Work request.
Scan the listing below and copy every line holding "sind".

Provided data.
=====
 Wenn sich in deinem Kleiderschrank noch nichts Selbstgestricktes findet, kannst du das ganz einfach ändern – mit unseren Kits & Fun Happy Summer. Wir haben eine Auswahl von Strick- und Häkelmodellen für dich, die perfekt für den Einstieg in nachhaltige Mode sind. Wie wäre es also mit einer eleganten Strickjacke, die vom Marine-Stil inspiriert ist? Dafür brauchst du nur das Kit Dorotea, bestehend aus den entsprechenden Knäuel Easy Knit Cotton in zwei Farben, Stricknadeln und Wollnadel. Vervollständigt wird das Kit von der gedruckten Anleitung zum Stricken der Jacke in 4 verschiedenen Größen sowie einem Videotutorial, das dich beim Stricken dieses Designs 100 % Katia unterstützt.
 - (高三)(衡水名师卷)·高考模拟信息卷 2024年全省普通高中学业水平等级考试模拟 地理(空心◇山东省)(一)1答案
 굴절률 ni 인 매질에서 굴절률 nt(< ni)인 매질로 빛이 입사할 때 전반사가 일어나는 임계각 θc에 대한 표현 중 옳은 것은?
=====
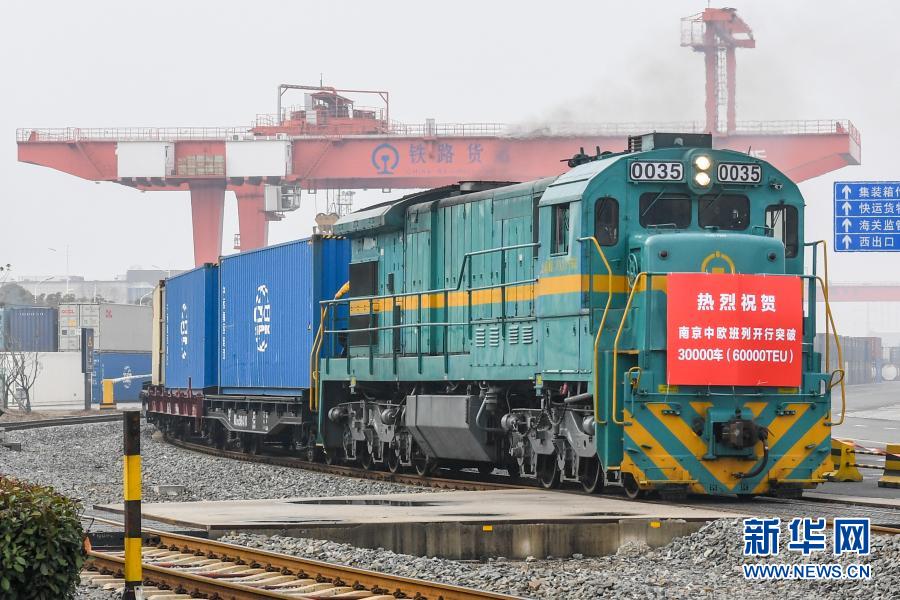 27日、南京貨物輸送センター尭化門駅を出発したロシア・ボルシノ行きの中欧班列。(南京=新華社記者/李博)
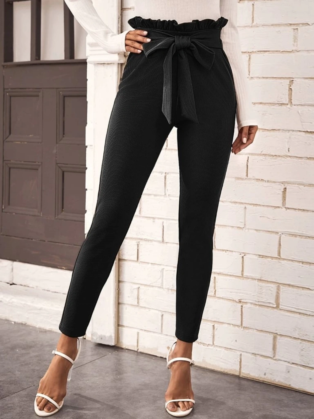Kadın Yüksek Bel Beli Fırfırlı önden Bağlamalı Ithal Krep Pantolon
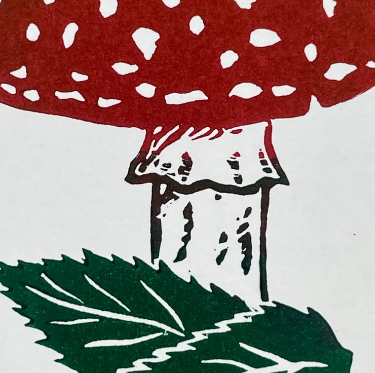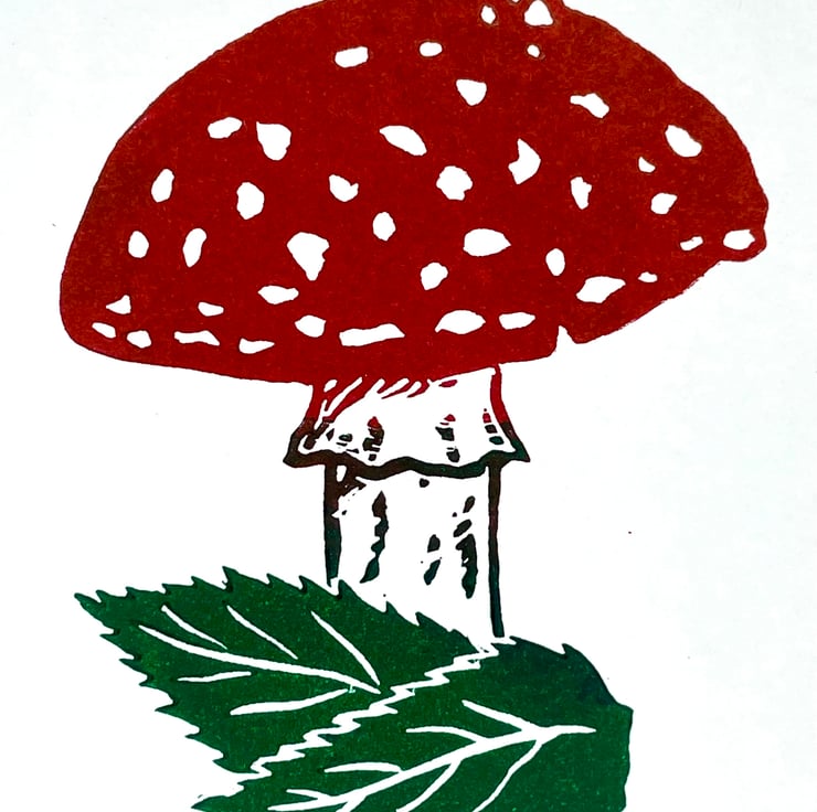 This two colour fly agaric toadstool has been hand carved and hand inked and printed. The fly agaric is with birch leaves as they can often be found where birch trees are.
=====
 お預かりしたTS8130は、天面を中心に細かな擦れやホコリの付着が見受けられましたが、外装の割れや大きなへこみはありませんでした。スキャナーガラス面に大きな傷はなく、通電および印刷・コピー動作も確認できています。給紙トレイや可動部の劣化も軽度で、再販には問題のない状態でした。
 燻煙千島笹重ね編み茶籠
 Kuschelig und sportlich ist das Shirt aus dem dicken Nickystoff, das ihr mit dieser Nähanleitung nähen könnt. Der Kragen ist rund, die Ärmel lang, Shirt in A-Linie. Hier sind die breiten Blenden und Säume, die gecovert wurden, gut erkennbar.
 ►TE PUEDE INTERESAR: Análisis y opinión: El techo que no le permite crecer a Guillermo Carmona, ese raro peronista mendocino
=====
Expected answer.
 Wenn sich in deinem Kleiderschrank noch nichts Selbstgestricktes findet, kannst du das ganz einfach ändern – mit unseren Kits & Fun Happy Summer. Wir haben eine Auswahl von Strick- und Häkelmodellen für dich, die perfekt für den Einstieg in nachhaltige Mode sind. Wie wäre es also mit einer eleganten Strickjacke, die vom Marine-Stil inspiriert ist? Dafür brauchst du nur das Kit Dorotea, bestehend aus den entsprechenden Knäuel Easy Knit Cotton in zwei Farben, Stricknadeln und Wollnadel. Vervollständigt wird das Kit von der gedruckten Anleitung zum Stricken der Jacke in 4 verschiedenen Größen sowie einem Videotutorial, das dich beim Stricken dieses Designs 100 % Katia unterstützt.
 Kuschelig und sportlich ist das Shirt aus dem dicken Nickystoff, das ihr mit dieser Nähanleitung nähen könnt. Der Kragen ist rund, die Ärmel lang, Shirt in A-Linie. Hier sind die breiten Blenden und Säume, die gecovert wurden, gut erkennbar.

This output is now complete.